Segment Start: RECORDS FOR PROCESSING

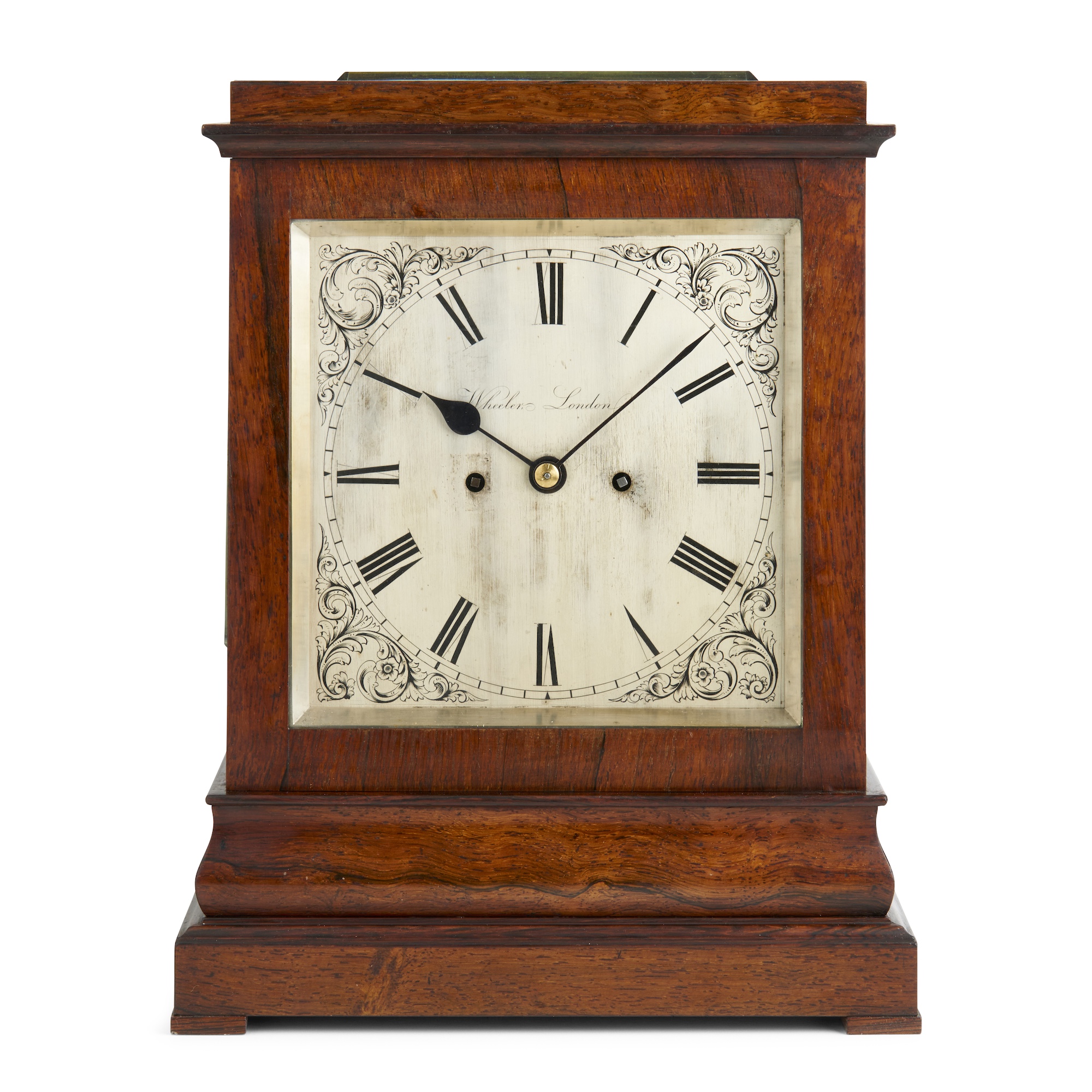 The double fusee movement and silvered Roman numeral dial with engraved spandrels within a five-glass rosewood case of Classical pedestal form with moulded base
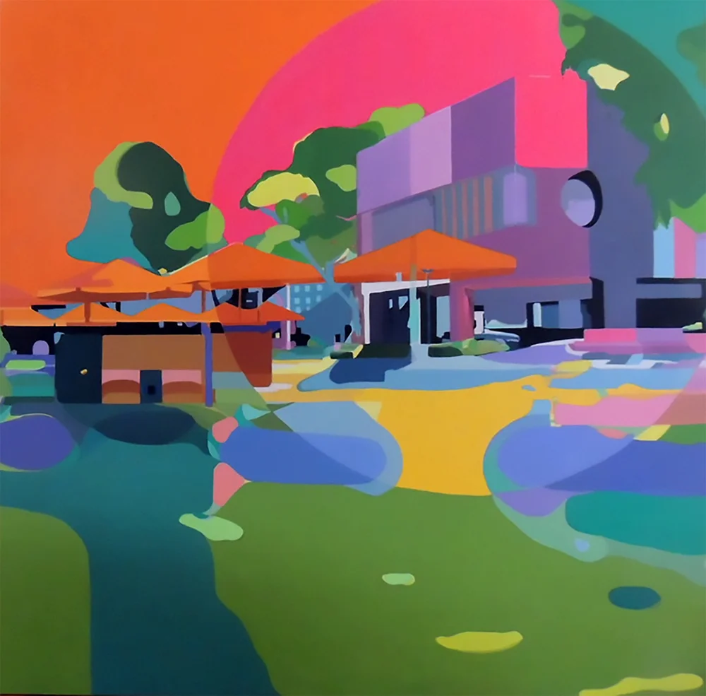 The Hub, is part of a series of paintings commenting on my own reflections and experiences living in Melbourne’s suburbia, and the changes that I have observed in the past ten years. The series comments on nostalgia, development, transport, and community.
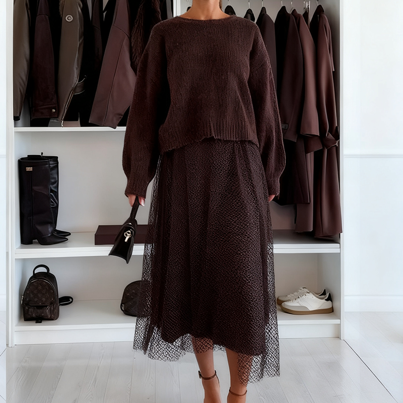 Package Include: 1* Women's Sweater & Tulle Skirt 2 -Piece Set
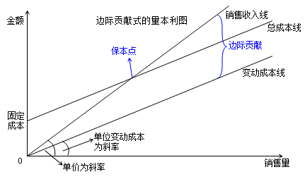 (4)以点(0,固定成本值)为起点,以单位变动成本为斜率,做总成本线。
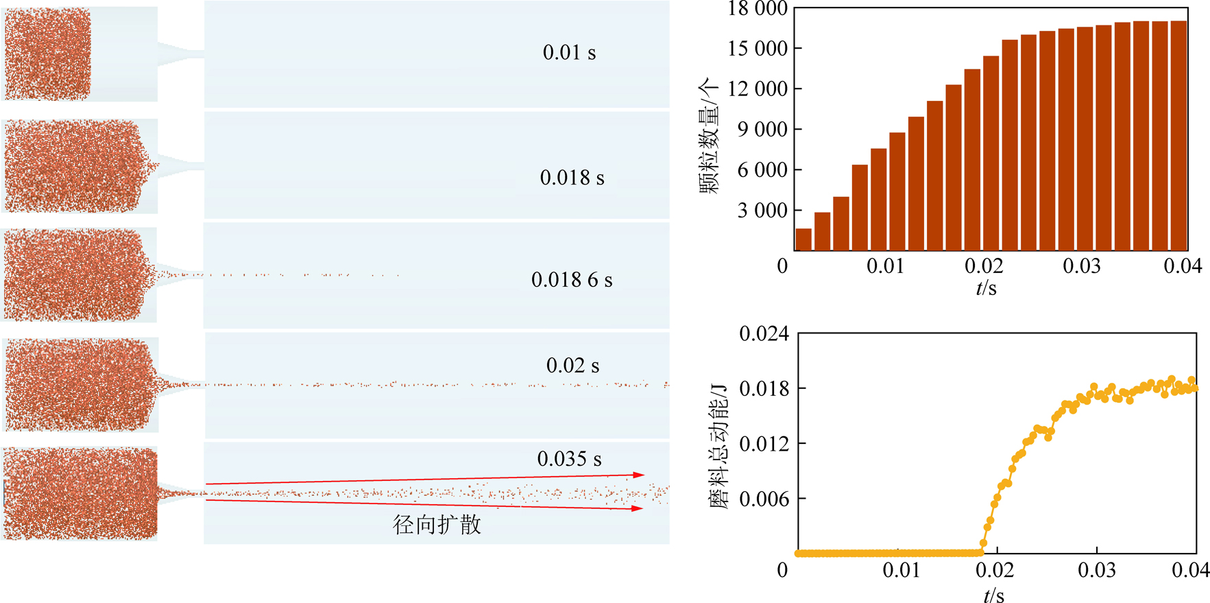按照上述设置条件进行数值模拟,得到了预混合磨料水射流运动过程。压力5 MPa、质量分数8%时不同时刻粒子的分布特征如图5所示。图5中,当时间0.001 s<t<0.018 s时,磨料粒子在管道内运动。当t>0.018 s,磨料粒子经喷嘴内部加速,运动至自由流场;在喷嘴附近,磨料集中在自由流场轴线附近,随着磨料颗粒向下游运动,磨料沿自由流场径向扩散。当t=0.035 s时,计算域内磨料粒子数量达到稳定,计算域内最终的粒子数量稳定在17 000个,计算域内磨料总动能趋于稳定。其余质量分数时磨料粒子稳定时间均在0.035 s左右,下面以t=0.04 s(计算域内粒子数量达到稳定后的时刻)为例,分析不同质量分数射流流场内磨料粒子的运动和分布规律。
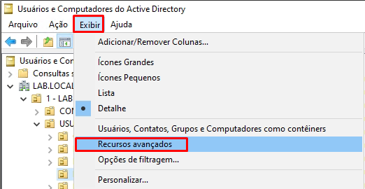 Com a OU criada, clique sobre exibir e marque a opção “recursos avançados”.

Segment End: RECORDS FOR PROCESSING

• **THE TASK**
When you copy the listing above, reproduce every line exactly and skip the images.

• **RESULT OF THE EXERCISE**
 The double fusee movement and silvered Roman numeral dial with engraved spandrels within a five-glass rosewood case of Classical pedestal form with moulded base
 The Hub, is part of a series of paintings commenting on my own reflections and experiences living in Melbourne’s suburbia, and the changes that I have observed in the past ten years. The series comments on nostalgia, development, transport, and community.
 Package Include: 1* Women's Sweater & Tulle Skirt 2 -Piece Set
 (4)以点(0,固定成本值)为起点,以单位变动成本为斜率,做总成本线。
按照上述设置条件进行数值模拟,得到了预混合磨料水射流运动过程。压力5 MPa、质量分数8%时不同时刻粒子的分布特征如图5所示。图5中,当时间0.001 s<t<0.018 s时,磨料粒子在管道内运动。当t>0.018 s,磨料粒子经喷嘴内部加速,运动至自由流场;在喷嘴附近,磨料集中在自由流场轴线附近,随着磨料颗粒向下游运动,磨料沿自由流场径向扩散。当t=0.035 s时,计算域内磨料粒子数量达到稳定,计算域内最终的粒子数量稳定在17 000个,计算域内磨料总动能趋于稳定。其余质量分数时磨料粒子稳定时间均在0.035 s左右,下面以t=0.04 s(计算域内粒子数量达到稳定后的时刻)为例,分析不同质量分数射流流场内磨料粒子的运动和分布规律。
 Com a OU criada, clique sobre exibir e marque a opção “recursos avançados”.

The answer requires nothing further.